Parameters

核心 · Key Idea

In one line: Parameter count is the total number of tunable knobs inside the model. More knobs means finer-grained language patterns it can store — but VRAM, inference cost, and training difficulty rise linearly or super-linearly.

What it is#

Everything a model learned during training is compressed into a set of "weight numbers." Every number is one parameter.

7B = 7 billion parameters
72B = 72 billion
671B (DeepSeek V3) = 671 billion

Heuristic: parameter count = number of brain cells the model has.

Analogy#

打个比方 · Analogy

3B is a pocket dictionary; 70B is a whole bookshelf; hundred-billion-class is a national library. More books mean finer lookups, but the shelves also take more space and cost more.

Key concepts#

Active ParametersActive params

Parameters actually used during inference. MoE models have huge totals but activate only a fraction per call.

PrecisionNumerical precision

FP16 / FP8 / INT4 etc. Whether each param is 2 bytes (FP16) or 0.5 bytes (INT4) decides VRAM usage.

ComputeTraining compute

Training cost ≈ Parameters × Tokens.
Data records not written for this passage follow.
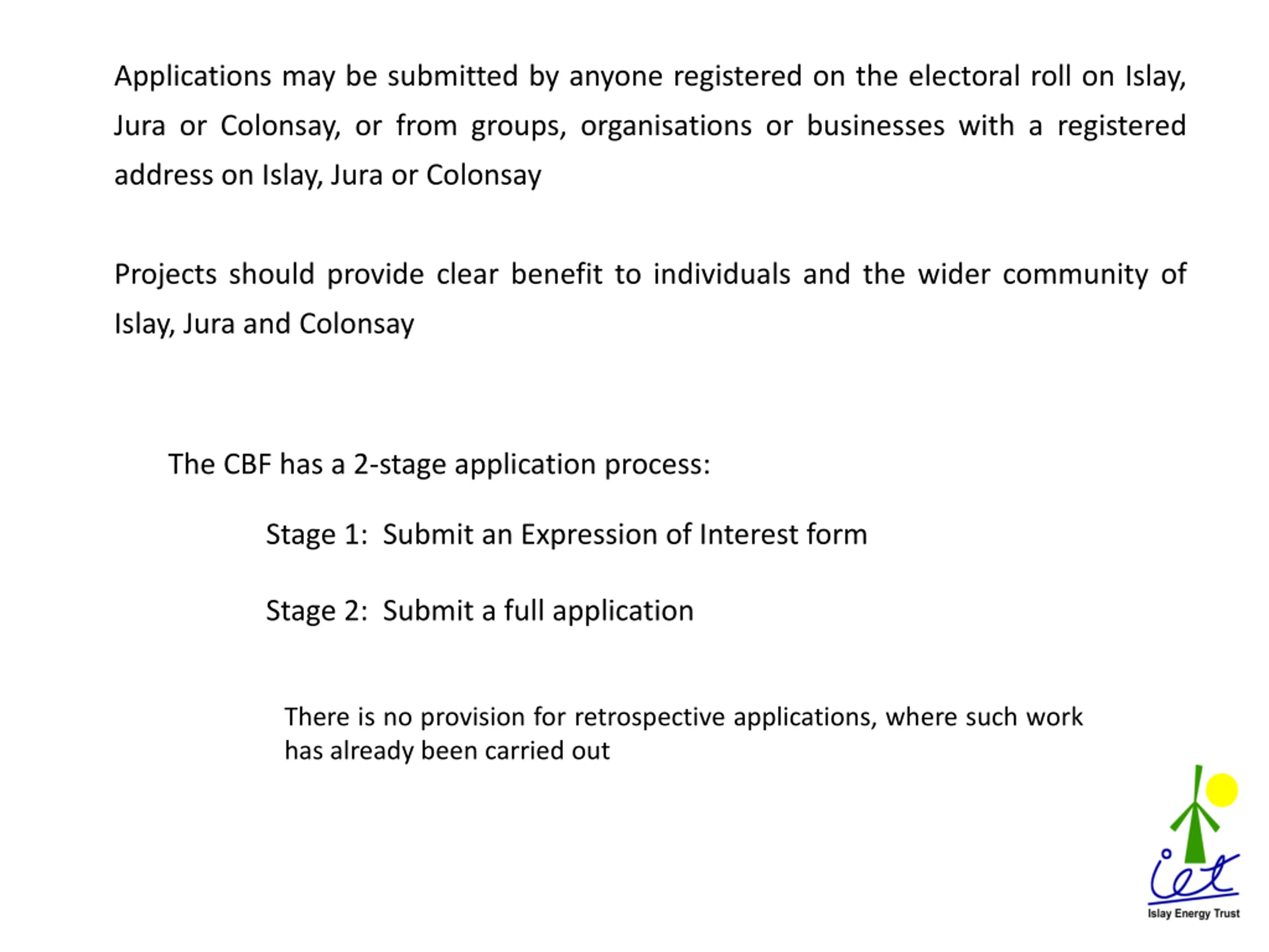 Applications may be submitted by anyone registered on the electoral roll on Islay, Jura or Colonsay, or from groups, organisations or businesses with a registered address on Islay, Jura or Colonsay Projects should provide clear benefit to individuals and the wider community of Islay, Jura and Colonsay The CBF has a 2-stage application process: Stage 1: Submit an Expression of Interest form Stage 2: Submit a full application There is no provision for retrospective applications, where such work has already been carried out
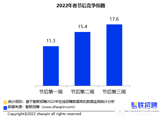 春节后第三周,人才市场求职活跃度再迎高峰,简历投递量环比增长10.5%,竞争指数由上周的15.4进一步升至17.6,这意味着一个空缺岗位平均收到约18份投递简历,呈现供需两旺的局面。
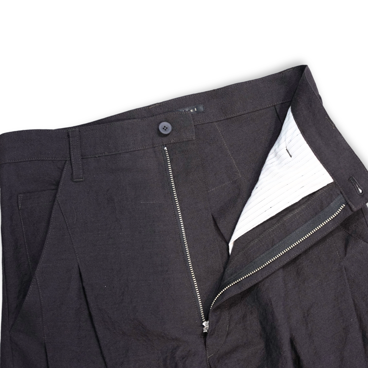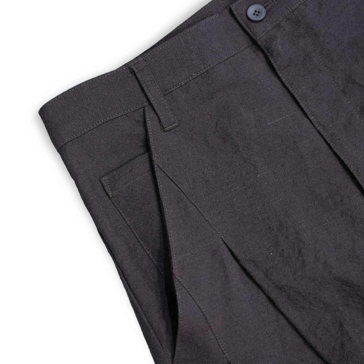 ウールリネン生地に加工を施す事で生まれる表面のシボ感とドライなタッチは、
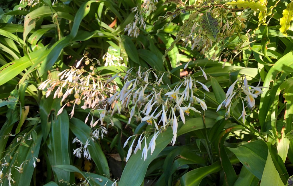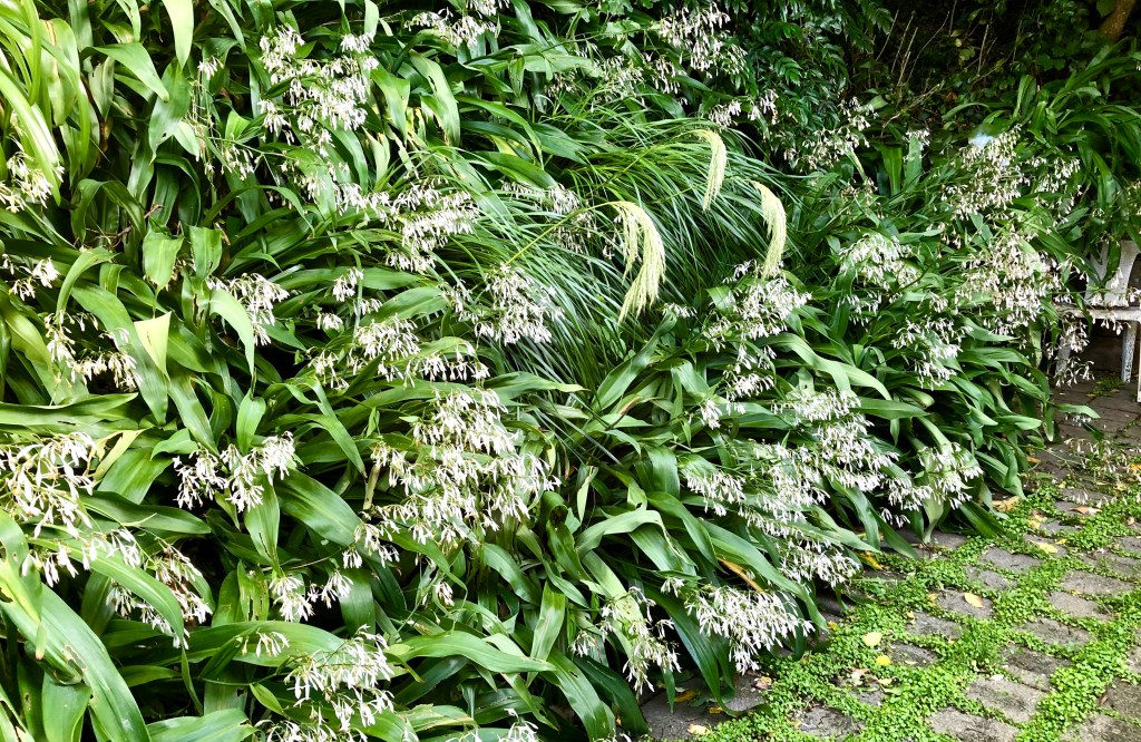 I was in two minds about showing you what it is like at the back of the house at the moment, but here we go at number three, a sea of white and green (yes that is an old garden chair covered with leaves). It does look like a lot of arthropodium cirratum (or New Zealand rock lily or rengarenga). What you can’t really see from the picture is that the plants are sitting on a slope, and in the shade, so is ideal coverage for this spot.
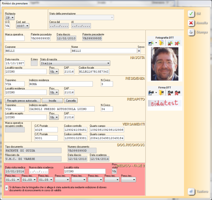 1. Recapito presso autoscuola: compila automaticamente con l’indirizzo dell’autoscuola corrispondente al codice autoscuola utilizzato (seconda riga in altro a sx). NB: l’indirizzo va inserito nella tabella Autoscuole, presente sia nel software SIDA Gestione, sia nel software SIDA Gestione Light.
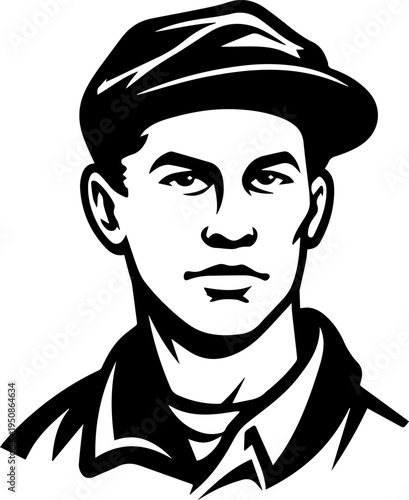 miner, mining, men at work, labourer, industry, excavation, coal, mineral, underground, helmet, hard hat, safety, uniform, equipment, labor, occupation, job, profession, male, man, avatar, portrait, head shot, character, illustration, hand-drawn, outline, vignetting, contour, monochrome, black, white, minimal, minimalism, simple, clean, modern, flat, vector, graphic, silhouette, icon, profile, isolated, background, digital, editable
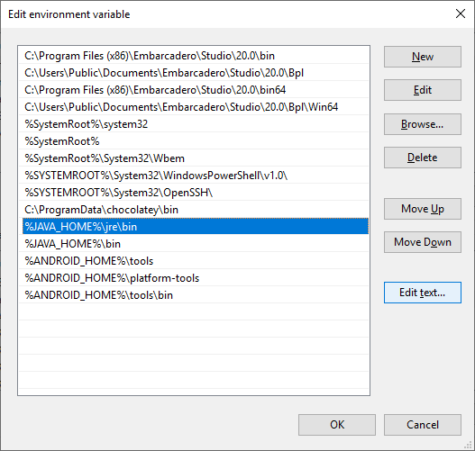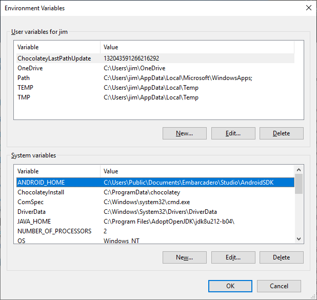 This assumes you already have RAD Studio, Delphi, or C++Builder 10.3 Rio already installed. 10.3 Rio changed the versions of the SDK and NDK that it uses, so this guide won't work with other versions. Also, I switched to AdoptOpenJDK instead of the traditional Oracle JDK. I'll show you how to install that here, but if you use a different JDK that will be different for you.

Double the scale, more than double the cost.

Scaling LawsScaling laws

Chinchilla: roughly 20B training Tokens per 1B parameters to be 'fully trained.'

How to estimate VRAM#

VRAM to load a model (rough):

VRAM ≈ Parameters × bytes per parameter

Precision	Per param	70B model
FP32 (training)	4 B	~280 GB
FP16 / BF16	2 B	~140 GB
INT8	1 B	~70 GB
INT4 (quantised)	0.5 B	~35 GB

Add KV cache and activations and the real number is 20–50% higher.

Practical notes#

Self-hosting at home: a 24 GB consumer GPU comfortably runs 7B–13B quantised; a 4090 / A6000 reaches 30B–70B quantised.
Picking an API model: larger ≠ better for your task. Start small, scale up only if needed. Saves money and latency.
MoE (Mixture of Experts): DeepSeek V3 / Mixtral etc. have a huge total but only activate a slice per call — faster than a dense model of equivalent quality, though VRAM still scales with total params.
Quantisation is the value champion: INT4 typically loses ≤ 5% quality and drops VRAM to 1/4 — the default for local inference.

Easy confusions#

Parameters

Model weight count — **structural capacity**.
Decides what it "learned" and how much VRAM it eats.

Context window

Visible Tokens per inference — **runtime capacity**.
Independent of parameter count.

More params = smarter

**Common myth**: bigger model is automatically smarter.

Reality

**Data quality, training duration, and alignment** matter just as much.
Llama-3 70B often loses to Claude Sonnet (whose size is undisclosed).